In der Nacht auf Dienstag lässt die Gewittergefahr deutlich nach. Der Dienstag selbst präsentiert sich mit einem Instabilitäts-Index von 0/10, einer Luftfeuchtigkeit von nur noch 50 Prozent und einem Taupunkt-Gradienten von 8,1 Grad als stabiler, trockener Sommertag. Gewitter sind am Dienstag praktisch ausgeschlossen. Der Mittwoch setzt diesen Trend fort – mit Temperaturen bis 33 Grad und einem Taupunkt-Gradienten von fast 11 Grad ist die Luft trotz der Hitze sehr trocken, was konvektive Entwicklungen stark hemmt.

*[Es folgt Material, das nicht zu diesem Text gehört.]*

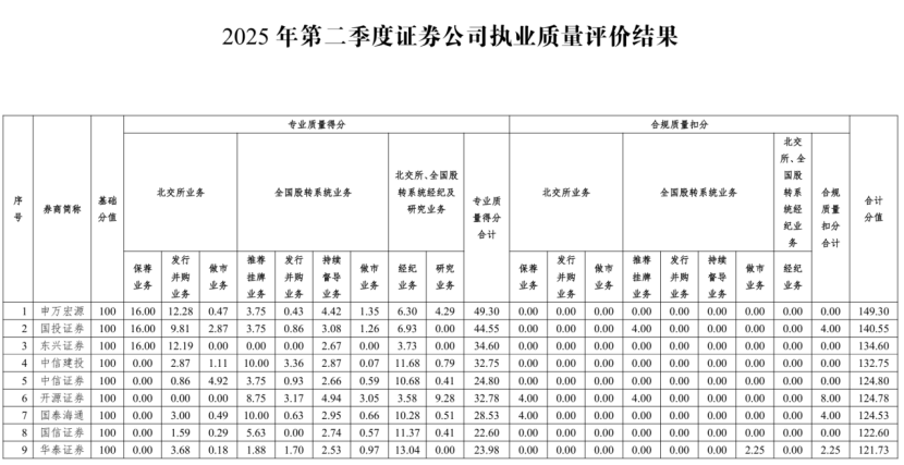 券商二季度执业质量评价结果发布。

Erst am Donnerstag deutet der leicht gesunkene Taupunkt-Gradient von 6,4 Grad bei einem Instabilitäts-Index von 3 von 10 auf eine leicht wachsende Grunddisposition hin – das Gewitterrisiko bleibt dort jedoch noch im niedrigen Bereich und ist aktuell nicht als besorgniserregend einzustufen.
Wer sich heute Abend noch draußen aufhält, sollte die Situation aktiv beobachten. Typische Warnsignale sind eine rapide zunehmende Dunkelheit des westlichen Himmels, plötzlich auffrischende Böen aus wechselnden Richtungen sowie ein merklicher Temperatursturz von mehreren Grad innerhalb weniger Minuten – all das sind Vorboten einer herannahenden Gewitterzelle. Wer im Freien unterwegs ist, sollte spätestens bei den ersten Anzeichen Schutz in einem festen Gebäude suchen. Offene Flächen, Berggipfel, einzeln stehende Bäume und Gewässer sind bei Gewittergefahr tabu. Autofahrer sollten mit Sichtbehinderungen durch Starkregen rechnen und die Geschwindigkeit rechtzeitig reduzieren. Wassersportler und Camper auf exponierten Plätzen werden dringend gebeten, die Lage bereits jetzt zu entschärfen und sichere Unterkunft aufzusuchen. Die DWD-WarnWetter-App liefert aktuelle Unwetterwarnungen für Ihren genauen Standort.
Aufgrund der Gewitterwahrscheinlichkeit im heutigen Abendverlauf sind folgende spezifische Risiken konkret einzukalkulieren: Starkregen mit Regenmengen von lokal über 20 Litern pro Quadratmeter in kurzer Zeit kann zu Überflutungen von Unterführungen, Kellern und tiefliegenden Straßenabschnitten führen. Hagel mit Korngrößen von bis zu einem Zentimeter ist bei der vorhandenen Instabilität und Windscherung möglich – Fahrzeuge und empfindliche Pflanzen sollten wenn möglich geschützt werden. Die Blitzschlaggefahr ist bei einem Instabilitäts-Index von 10/10 als hoch einzustufen; elektrische Geräte im Freien sowie der Aufenthalt unter Bäumen sind kategorisch zu meiden. Darüber hinaus können die bereits gemessenen Sturmböen von bis zu 59 km/h im Umfeld aktiver Gewitterzellen vorübergehend auf Orkanstärke ansteigen und Äste oder schwach verankerte Gegenstände zu gefährlichen Geschossen machen.